LiveCode has a place among them, offering an unmatched mix:
1) High-level scripting
2) Inherent language support for GUI elements
3) Broad platform coverage
In any single one of those categories, or even two, you can find many alternatives, some of them very good.
But if you're looking for all three of those AFAIK you have only one choice: LiveCode.
And as valuable as that combination is for so many things, it's not needed by everyone. No single language covers all needs. That's why we have so many, and so many new ones that continue to crop up.
If we're going to adopt a strategy for LiveCode to attain what I feel is its rightful place among the world's great languages, we'll want to understand those languages and the choices people made to make them so popular.
Someone tried it before with a website of 1001 programs written in LiveCode and it never grew much. The LiveCode community is very small and tight. Most people will only join in if it was sponsored by LiveCode itself and not another single person endeavor.
Just putting LiveCode Ltd's name on a project will not instantly make the project successful.
And conversely, no truly great project will be held back if sufficiently well executed regardless of who writes the check for the hosting.
Come up with a great project, and LC Ltd would probably support it. Write them. You're far more likely to get a response from them when you write to them than writing to other LiveCode users in a user-to-user support forum.
But think the project through. Make a compelling pitch. Learn what motivates today's learners to choose a language, and demonstrate how the project will address those concerns.
Studying and supporting the user experience is how great things happen.
And if we study earnestly, we can see that the growth of many of the world's most popular languages is a function of the community who uses them, far more than the core dev team who maintains them.
As for the MillionDollarHomePage: It was launched in August and became an Internet phenomenon.

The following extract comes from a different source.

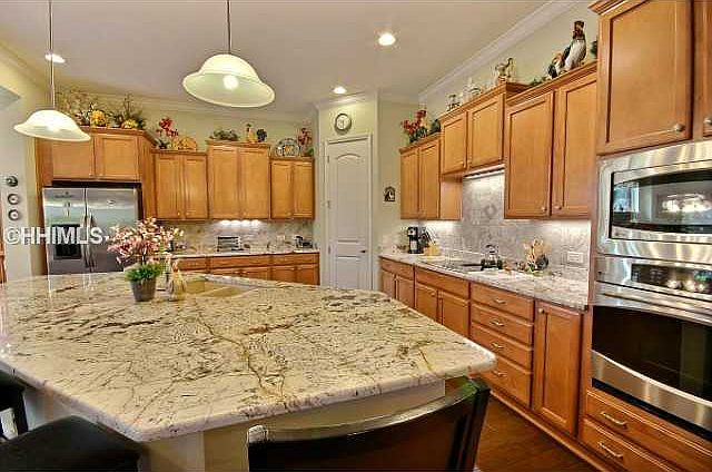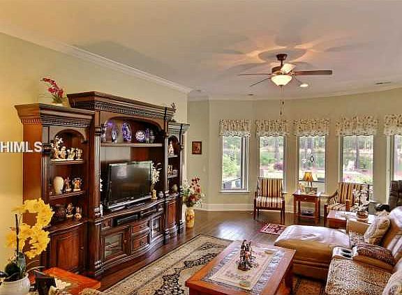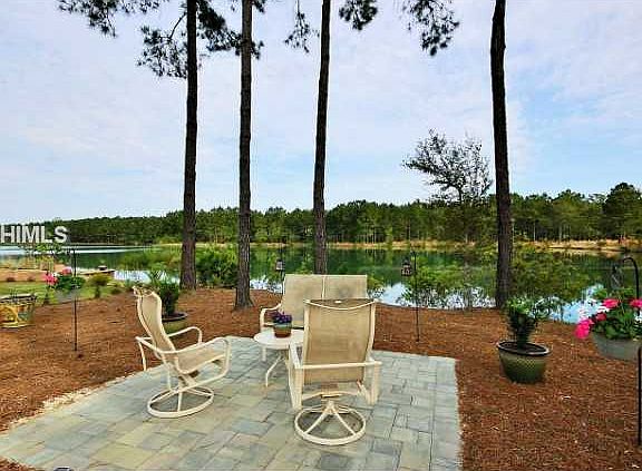 PEACEFUL LAKE LIVING Abundant views of largest freshwater lake in Hilton Head area are plentiful from this fabulous water front home featuring two owner's suites & French door study. Experience picturesque views from gourmet kitchen outfitted w/abundant cabinet space, granite, SS, island, & cook top, family room enhanced by bay window siting area, dining area w/transom windows, & master suite complete w/tile surround shower & closet adjoining to spacious laundry room w/sink. Extended & tiled screen porch, paver patio alongside lake, & world class amenities perfect this great open floor plan. (ZT)

August of 2005. 12 years ago.
It was a great moment in history, but isolated to that moment. And he wasn't selling anything other than the novelty of the page, which is why we don't see a MillonSodaCapsHomePage or a MillionBurgersHomePage. It was a fine invention, but a one-off.
The thing that made it so interesting to so many people was that it was original. It didn't merely emulate something that had come before it.
All good viral marketing has that quality. Freshness. New. Something we haven't seen before.
So I very much like the spirit of doing something no one else has done, and the vision of doing it to introduce more people to a software development toolkit.
Now the task at hand is to study what learners have been doing, look at the unique value of LC not yet recognized by them, and invent an entirely never-before-seen method of communicating that value.